[Entries shown — start]
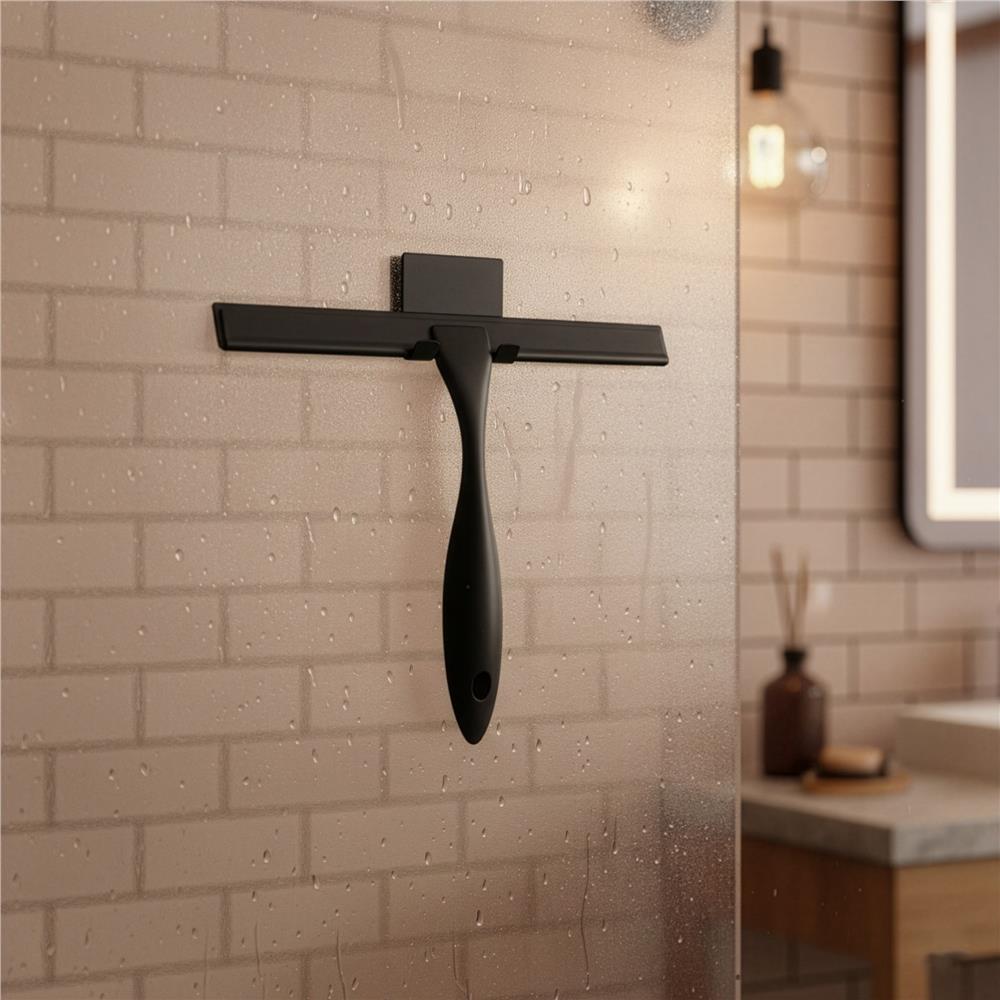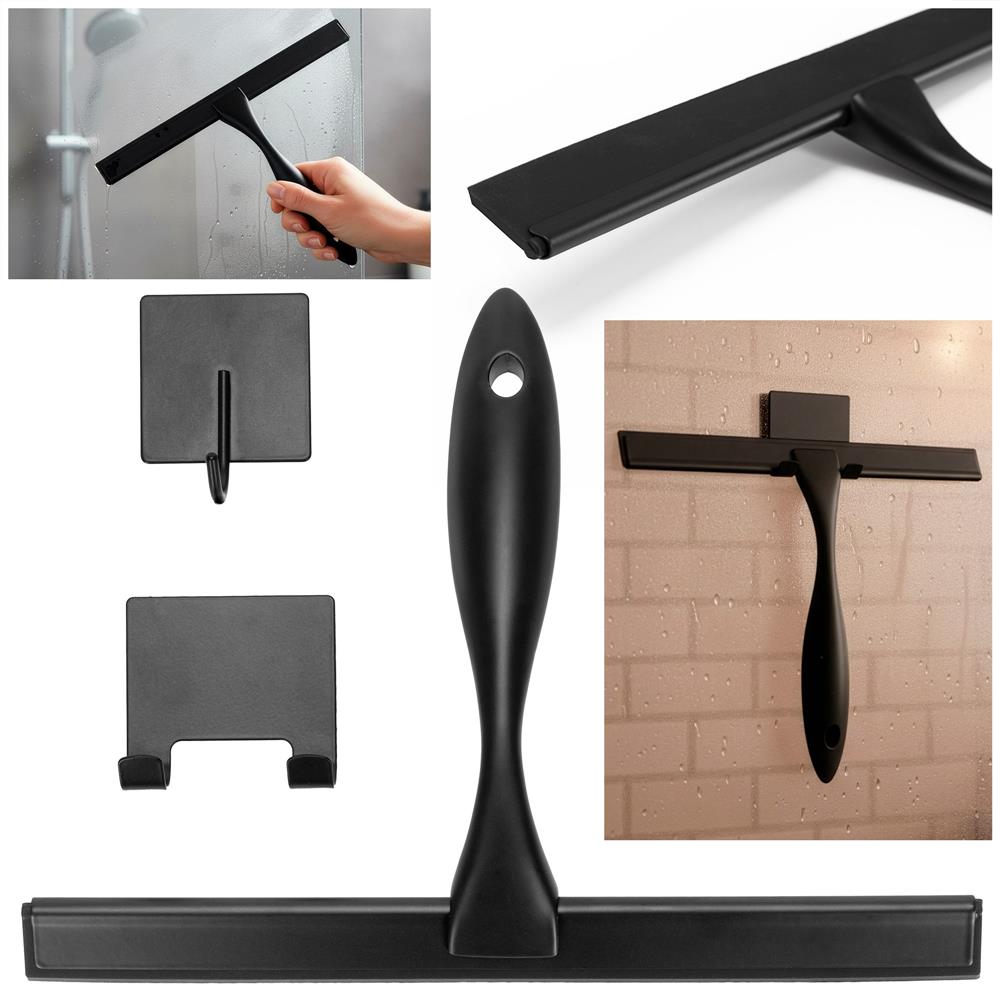 Racleta pentru baie din inox cu suport adeziv, lama 25 cm, finisaj mat negru Household NewTrend
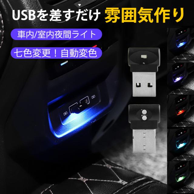 車内 USBライト 車内ライト LEDライト 車内灯 車内照明 切替 7色調色 自動変色モード 工事不要 ルームライト 室内灯 小
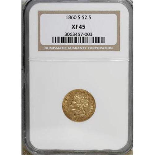 <B>1860-S $2 1/2 XF45 NGC.</B></I> NGC Census: (15/67). PCGS Population (5/33). Mintage: 35,600. Numismedia Wsl. Price for NGC/PCGS coin in XF45: $777. (#7793)<BR><BR><B>Coin Engraver:</B> Christian Gobrecht<BR><BR><b>Shipping:</b> Coins & Currency (<a target="_blank" href="http://www.heritageauctions.com/common/shipping.php">view shipping information</a>)
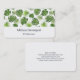 Business cards with a pretty pattern made up of green tropical leaves. Exotic and stylish design.
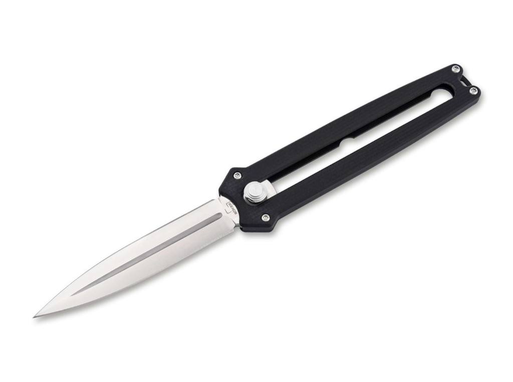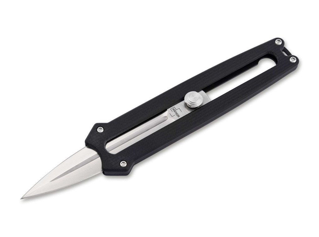 Böker Plus Slike zsebkés G10 markolattal és Bevonat nélküli D2 pengével. Teljes hossza 17,8 cm, penge hossza 7,6 cm, penge vastagsága 2,5 mm. A kés nettó súllya 36 gramm.
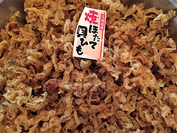 貝ヒモとはホタテ貝のヒモ(外套膜)の部分を原料にした珍味です。
[Entries shown — finish]
_Work instruction_
Leave every picture out and print exactly the lines from the one that contains "Business cards with" through the last line of the material above.

_Solution to the exercise_
 Business cards with a pretty pattern made up of green tropical leaves. Exotic and stylish design.
 Böker Plus Slike zsebkés G10 markolattal és Bevonat nélküli D2 pengével. Teljes hossza 17,8 cm, penge hossza 7,6 cm, penge vastagsága 2,5 mm. A kés nettó súllya 36 gramm.
 貝ヒモとはホタテ貝のヒモ(外套膜)の部分を原料にした珍味です。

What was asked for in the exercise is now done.